Notice of Right to File Objections to Report and Recommendation
The parties are advised that they may file specific written objections to this Report and Recommendation with the District Judge. Objections must specifically identify the portions of the Report and Recommendation to which objections are made and the basis for such objections. "[I]n the absence of a timely filed objection, a district court need not conduct a de novo review, but instead must 'only satisfy itself that there is no clear error on the face of the record in order to accept the recommendation.'" Diamond v. Colonial Life & Acc. Ins. Co., 416 F.3d 310 (4th Cir. 2005) (quoting Fed. R. Civ. P. 72 advisory committee's note).
Specific written objections must be filed within fourteen (14) days of the date of service of this Report and Recommendation. 28 U.S.C. § 636(b)(1); Fed.
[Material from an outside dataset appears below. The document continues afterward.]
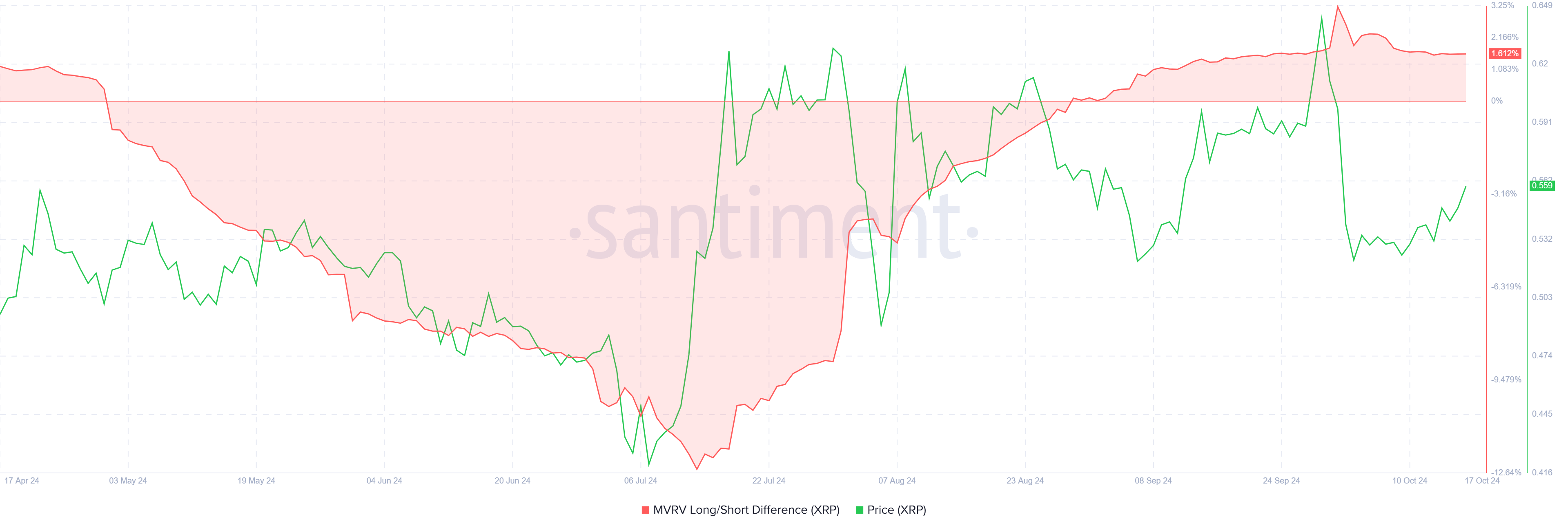 실제 XRP 가격 추이를 보면 지난 한 달 동안 단기 보유자들의 차익 실현이 상당히 이뤄졌을 가능성이 엿보입니다. 9월 말에는 XRP 가격이 18% 하락을 보이기도 했습니다. 그럼에도 불구하고 MVRV 장단기 차이가 계속 플러스 값을 유지한다는 것은 장기 보유자들이 강하게 버티고 있음을 시사하는 부분입니다.
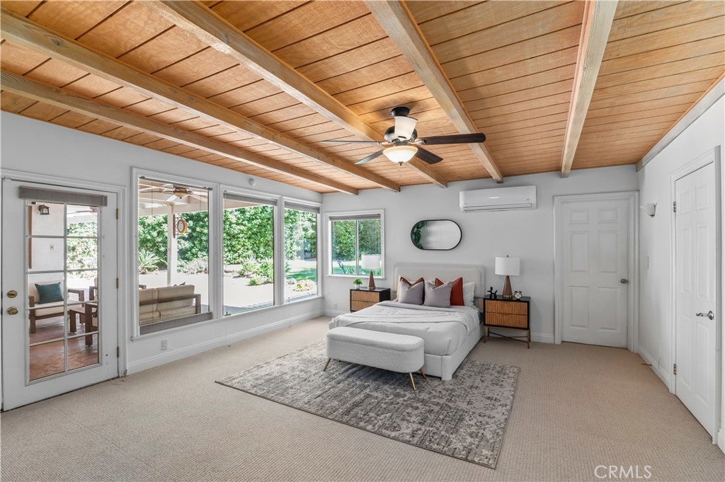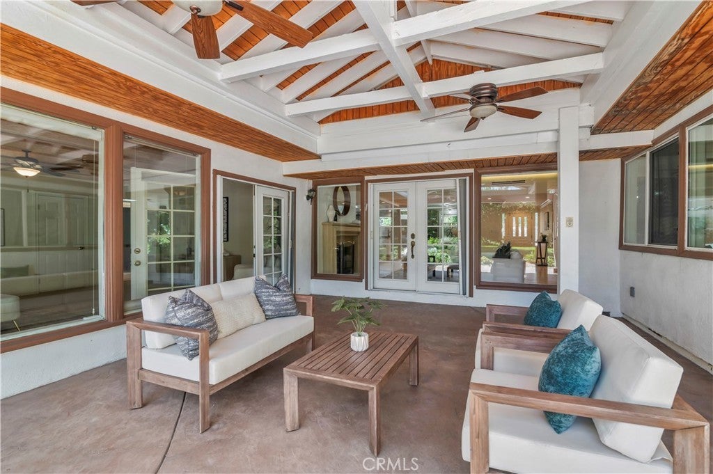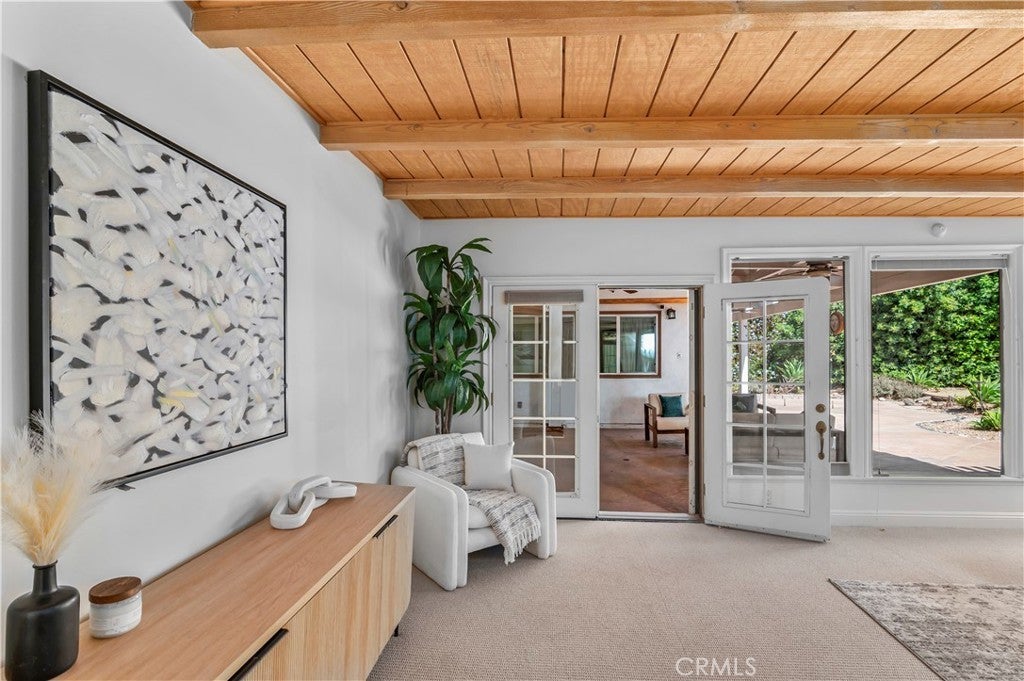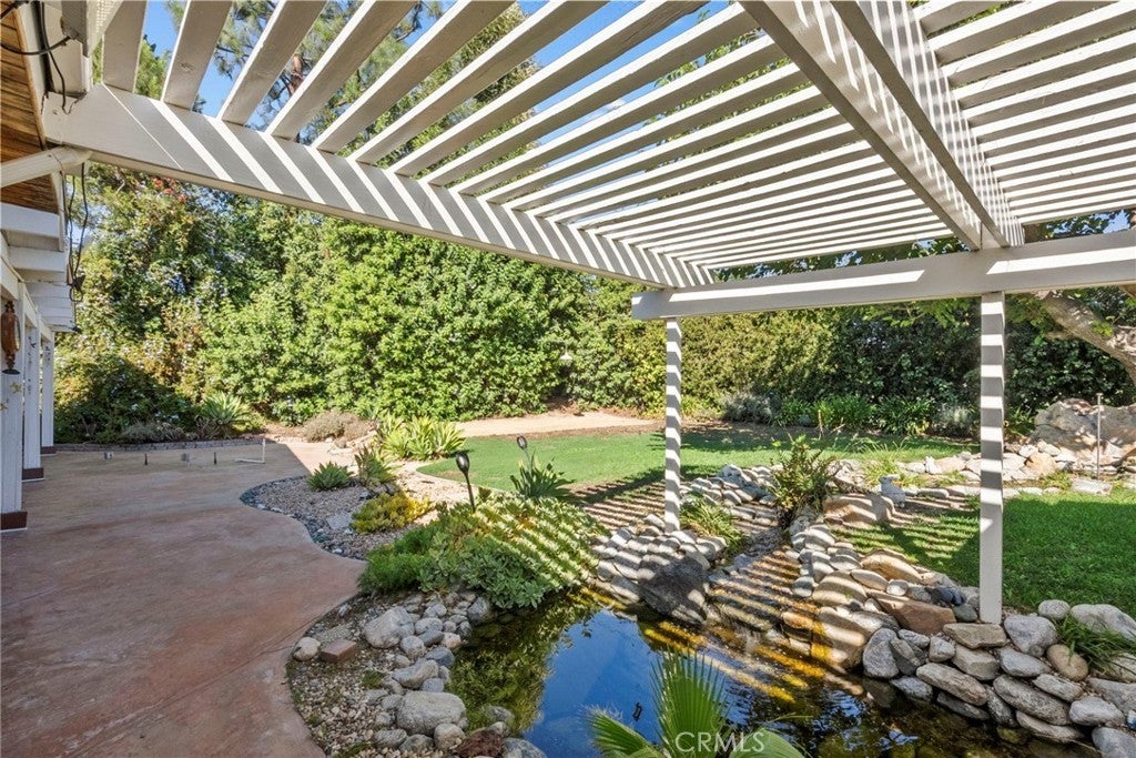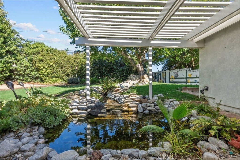 New Price! Rare opportunity to score the best deal in Woodland Hills on this amazing property! Positioned on a serene cul-de-sac, this sprawling, single level mid-century estate with nearly 3,600 sq. ft. combines space, privacy, and style in one of Woodland Hills’ most sought-after neighborhoods. Set on a flat 16,000 sq. ft. lot with a grand circular driveway, this unique property has so much to offer at an incredible price! A charming brick front porch creates a warm and welcoming entrance. Inside, natural light pours in through endless windows & skylights, generous public rooms with vaulted beam ceilings and wide open spaces. A beautifully appointed designer kitchen anchors the home with modern finishes, top of the line Cafe’ appliances, custom cabinetry, and a layout that balances design and function. The large primary suite boasts gorgeous wood ceilings, a large bathroom and expansive closets all overlooking the property’s lovely grounds. Enjoy cozy nights in the Movie theater, or conversations around the stunning dual sided fireplace, and hosting parties with the indoor-outdoor flow. Step outside to a huge rear wood beamed covered patio with water & gas hook-ups already in place for your outdoor kitchen. A tranquil water feature w/ babbling brook & waterfall leading to a beautiful pond sets the scene for this expansive yard with ultimate privacy! The grounds also feature a shuffle board court & an awesome enclosed dog run! This residence provides an abundance of square footage and versatile living areas, ready to be tailored to any lifestyle vision—whether reimagined as a contemporary showpiece, a timeless retreat, or an entertainer’s dream, your possibilities here are endless! Convenience is unmatched: the property is located very close to the coveted Lockhurst Elementary, Hale Charter Academy, and El Camino Real Charter High School, and just minutes from the 101 freeway, Calabasas Commons, Westfield Topanga & The Village, a premier destination for dining, shopping, and entertainment! Even more notable, this home is offered at the lowest price per square foot in the neighborhood—a remarkable opportunity to secure both size and value in a highly desirable location.

R. Civ. P. 72(b); see Fed. R. Civ. P. 6(a), (d). Filing by mail pursuant to Federal Rule of Civil Procedure 5 may be accomplished by mailing objections to:
Robin L. Blume, Clerk
United States District Court
901 Richland Street
Columbia, South Carolina 29201
Failure to timely file specific written objections to this Report and Recommendation will result in waiver of the right to appeal from a judgment of the District Court based upon such Recommendation. 28 U.S.C. § 636(b)(1); Thomas v. Arn, 474 U.S. 140 (1985); Wright v. Collins, 766 F.2d 841 (4th Cir. 1985); United States v. Schronce, 727 F.2d 91 (4th Cir. 1984).